Не исключено, что эта женщина просто-напросто носит один из кошмарных подъемных лифчиков. Мужчины, когда дело доходит до подобных штучек, оказываются лопоухими простаками. Он осмотрел ее сбоку, от подмышки до поясницы, пытаясь найти предательские признаки проволочных каркасов или тугой шнуровки. Но увидел лишь маленькую дырку на блузке — с лоскутком ткани, отодранным не то шипом колючей проволоки, не то острым сучком. Ткань вокруг дырки покрывало что-то клейкое, но уже подсохшее. Неужто кровь? Очень хочется спросить. Жалко, что он не врач, которому такие вопросы запросто сходят с рук. Кое-каких обрывочных сведений о медицине он поднабраться успел — во время беременности Кэти и после того, как она разбилась на мотоцикле, после свалившего его отца удара, и в то время, когда Сьюзи лечилась от наркотической зависимости.

«Простите, я врач, — мог бы сказать он, — и волей-неволей заметил…» Нет, врать он не любит. «Да, видно, тот, кто начал лгать, не обойдется ложью малой», [7] — вот как сказал Шекспир. А Шекспир дураком не был.

Чем дольше он смотрит на нее, тем более странной она ему кажется. Ее зеленые вельветовые брюки — самый что ни на есть ретро-шик семидесятых, если, конечно, отвлечься от перемазанных коленей, однако ноги ее для девочки из ночного клуба ну никак не годятся. Слегка подрагивавшие под тонкой тканью, они были настолько короткими, что едва доставали до педалей, — такие могли бы вырасти у бедняжки, родившейся с церебральным параличом. Он повернул голову, чтобы заглянуть в прогал между его и ее сиденьями, — почти ожидая увидеть сзади складное инвалидное кресло. Однако там лежал лишь старый анорак, одежда, которую она носить, разумеется, не могла, даже и думать нечего. Башмаки у нее вроде бы от Дока Мартенса, но здоровенные, как сабо Бориса Карлоффа.

7

Вальтер Скотт «Мармион» VI.17. (Пер. В. П. Бетаки.)

Впрочем, самым странным в ней была кожа.
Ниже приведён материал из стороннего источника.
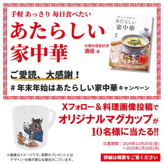 株式会社マガジンハウス(本社:東京都中央区、代表取締役社長:鉄尾周一)は、note「おうちで中華」で人気の中華料理愛好家・酒徒さんの料理本『手軽 あっさり 毎日食べたい あたらしい家中華』の大好評を受け、2024年12月20日(金)より「オリジナルマグカップが当たる!“年末年始はあたらしい家中華”キャンペーン」を実施いたします。本書は第11回料理レシピ本大賞 in Japanでダブル受賞を果たし、手軽に作れる中華料理レシピとして多くの読者に支持されています。この機会に、本書を使って年末年始をさらに豊かにする料理をお楽しみください。
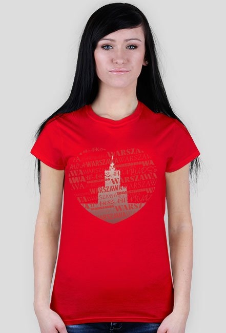 T-Shirt damski z kolekcji "Kocham Warszawę". Wzór 7 przedstawia napisy WARSZAWA ułożone w kształcie serca na tle sylwetki Pałacu Kultury i Nauki w Warszawie.

Каждый, если не считать бледной и гладкой груди, участок ее тела, какой ему удалось разглядеть, был покрыт пушком — как у недавно обритой, но уже начавшей отращивать шерстку кошки. И повсюду шрамы: на ребрах ладоней, вдоль ключиц, особенно на лице. Лица, скрытого гривой спутанных волос, он видеть сейчас не мог, но в самом начале видел — со шрамами вдоль линии челюсти, на шее, на носу, под глазами. Да еще эти очки: стекла их дают, похоже, самое большое из известных оптиметрии увеличение, потому и глаза ее кажутся такими огромными.